Without a neocortex language processing in humans is impossible (Kimura 1993; Ojemann 1983, 1991; Penfield and Roberts 1966) and without a hippocampus (but with an intact neocortex and cerebellum) new language associations cannot be consolidated into long-term memory (Corkin 2002). Noam Chomsky (1965), the father of modern linguistics, made two bold claims some 60 years ago. First, he declared that all humans have a universal grammar that is genetically based and that explains why language acquisition is so rapid in young children. Second, he proposed that a central process in language acquisition is a principle called ‘merge’, which takes two syntactic elements ‘a’ and ‘b’ and merges them to form ‘a + b’. For example, ‘the’ and ‘apple’ are combined to yield ‘the apple’. This process can apply to the results of its own output such that ‘ate’ can be combined with ‘the apple’ to yield ‘ate the apple’. Language is thus built-up from component parts using a process called Merge. The basic elements of language (whether auditory or visual) are stored in Wernicke’s and Broca’s areas in a declarative format (Corkin 2002; Penfield 1975; Penfield and Roberts 1966; Scoville and Milner 1957; Squire and Knowlton 2000; Squire et al. 2001) according to the learning history of an individual to create a linguistic map that is unique (Ojemann 1991).

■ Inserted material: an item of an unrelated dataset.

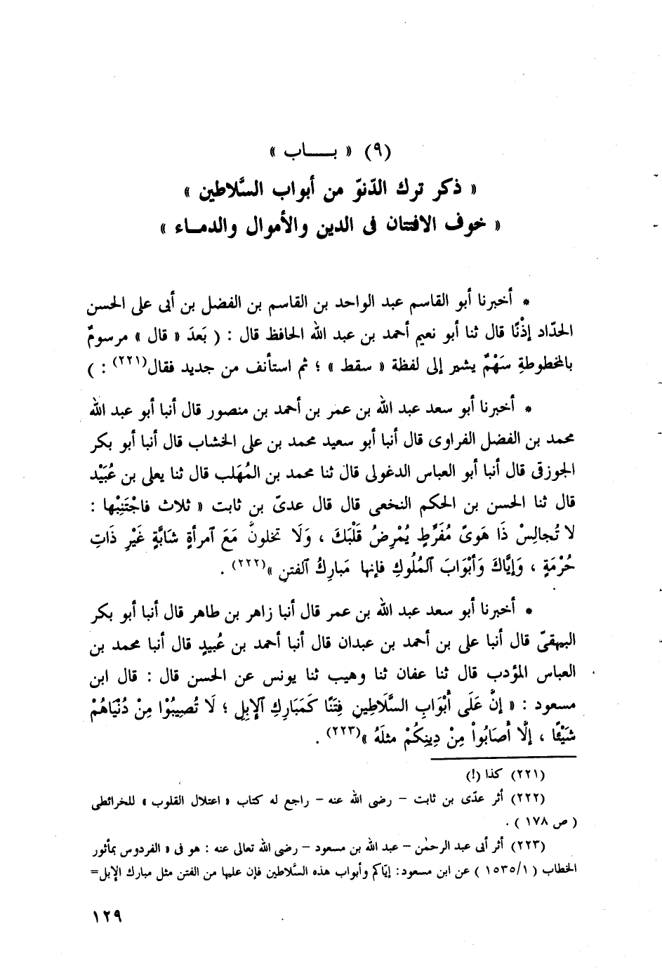 (9) : باب ذكر ترك الدنو من أبواب السلاطين خوف الافتتان في الدين والأموال والدماء

The neocortex of mammals was designed to make associations at the synaptic level, which is well established (Hebb 1949, 1961, 1968; Kandel 2006; also see Pavlov 1927, pp. 328 who found that classical conditioning is rendered ineffective 4.5 years after neocortical removal, but ‘vegetative’ conditioning is intact, Gallistel 2022). Normally, electrical stimulation of M1 (i.e., motor cortex) yields a muscle twitch, but after electrical stimulation of M1 is temporally paired with the electrical stimulation of V1 (i.e., the visual cortex) then electrical stimulation of V1 evokes a muscle twitch on its own (Baer 1905; Doty 1965, 1969). Furthermore, V1 conditioning is dependent on descending pyramidal fibres (Logothetis et al. 2010; Rutledge and Doty 1962; Tehovnik and Slocum 2013), which means subcortical circuits must be involved in the learning process. And we already know which subcortical structures are important here: the hippocampus consolidates the declarative information at the level of the neocortex (Corkin 2002; Penfield 1975; Penfield and Roberts 1966; Scoville and Milner 1957; Squire and Knowlton 2000; Squire et al. 2001; Swain, Thompson et al. 2011) and the cerebellum converts the declarative information into executable code, i.e., to drive the vocal cords for speaking and hand movements for writing (Tehovnik, Hasanbegović, Chen 2024).
Hence, the neocortex, the hippocampus, and the cerebellum together are necessary for humans to acquire language as envisioned by Chomsky (1965). And this capacity evolved from mechanisms already existent in mammals/ vertebrates (i.e., a telencephalon and a cerebellum) and that was passed on to archaic Homo sapiens some five hundred thousand years ago (Kimura 1993), but some believe that the basic elements of language existed in Homo erectus 2.5 million years ago (Everett 2016).
Note: Activation of two microzones composed of Purkinje neurons in the cerebellar flocculus (one for horizontal movement and a second for vertical movement) using optogenetics induces precise movement of the ipsilateral eye of the mouse (from Fig. 5 of Blot, De Zeeuw et al. 2023). This precision is such that each eye has independent innervation for VOR and OKN (the independence allows the eyes to verge across different depth planes). Although we do not have the data for driving the vocal cords, distinct microzones must be activated when we learn to speak a language. This is how declarative information of the neocortex is converted into a motor response (a sound) during learning. No need to invoke abstract concepts to explain Chomsky’s ‘Merge’ since the brain is explainable biologically.